Canadian Pacific Kansas City (CPKC), a major North American railroad operator, recently received a positive outlook upgrade from S&P Global Ratings. The rating agency shifted CPKC’s outlook from stable to positive, affirming its ‘BBB+’ rating.
This move comes after CPKC’s successful acquisition of Kansas City Southern (KCS) in 2023, which has boosted the company’s financial health. Let’s take a closer look at what this upgrade means and how the company’s network expansion is contributing to its success.
Why S&P Upgraded CPKC’s Outlook
Canadian Pacific Kansas City: S&P Global Ratings made the decision to revise Canadian Pacific Kansas City outlook to positive, primarily because of the company’s improved credit profile.
The acquisition of KCS has played a pivotal role in strengthening CPKC’s position in the North American rail industry.
The expanded network, which now connects Canada, the U.S., and Mexico, offers multiple benefits, such as better service on crucial trade routes and simpler operations.
The Benefits of Canadian Pacific Kansas City Expanded Network
Canadian Pacific Kansas City acquisition of KCS has created the only single-line rail network linking three countries. This development has resulted in reduced complexity in rail interchange and has improved service offerings.
One of the notable new services is the Mexico Midwest Express, launched in May 2023. This rail service connects the U.S. Midwest to Mexico and is highly competitive, offering cost-effective transportation options for companies like Americold and Schneider National.
Strong Revenue Growth and Financial Performance
S&P has high expectations for Canadian Pacific Kansas City future revenue growth.
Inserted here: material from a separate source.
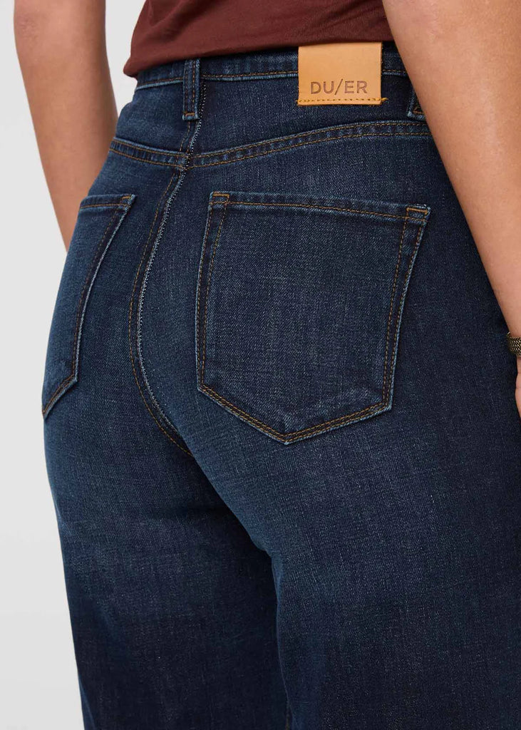 Details: In the midweight denim offering just the right amount of stretch for a broken-in feel, this retro-inspired silhouette is designed to contour the behind and highlight the waist, while the flare elongates the legs. Complete with bar tacks for the option to customize the length. The midweight performance denim has a minimal amount of stretch which means it will soften with wear and as you move through your day.

The company’s expanded network, especially in the intermodal and automotive sectors, is expected to continue driving growth.
In 2025, CPKC saw a 5% increase in revenue ton miles, with notable growth in the grain, potash, automotive, and intermodal sectors. This growth helped offset flat or declining volumes in some industries affected by tariffs or industrial slowdowns.
Financial Strength and Future Projections
CPKC’s financial performance is also strong. According to S&P, CPKC’s adjusted funds from operations (FFO) to debt ratio is expected to remain between 23%-25% over the next few years.
The company’s adjusted debt to EBITDA ratio is projected to be around 2.8x-3.0x, with the company’s net leverage nearing its target of 2.75x.
The company’s free operating cash flow is expected to range from C$3.0 billion to C$3.5 billion annually. This financial flexibility is crucial in case of any unexpected downturns in earnings.
Share Repurchases and Dividend Growth
CPKC plans to continue returning value to its shareholders. The company is expected to spend at least C$2.5 billion annually on share repurchases and is also increasing its dividends by approximately 10%.
This reflects the company’s strong financial health and commitment to rewarding investors.
Potential Impact of Union Pacific’s Acquisition of Norfolk Southern
A possible acquisition of Norfolk Southern by Union Pacific could significantly affect competition in the U.S. rail industry. However, S&P believes that CPKC’s unique North-South orientation and its tri-national rail network make it better positioned than most other major North American rail operators.
What’s Next for CPKC?
Looking ahead, S&P could further upgrade CPKC’s rating if the company continues to demonstrate strong earnings growth and maintains its financial strength.
If CPKC achieves adjusted FFO to debt above 23% and adjusted free operating cash flow to debt above 10%, an upgrade could be possible within the next 12 months.
The positive outlook revision from S&P highlights the growth potential and financial resilience of Canadian Pacific Kansas City. With its expanded rail network connecting three countries and strong performance across various sectors, CPKC is well-positioned for continued success.
As the company focuses on increasing revenue, share repurchases, and dividend payouts, it remains a solid choice for investors seeking a stable and growing company in the rail industry.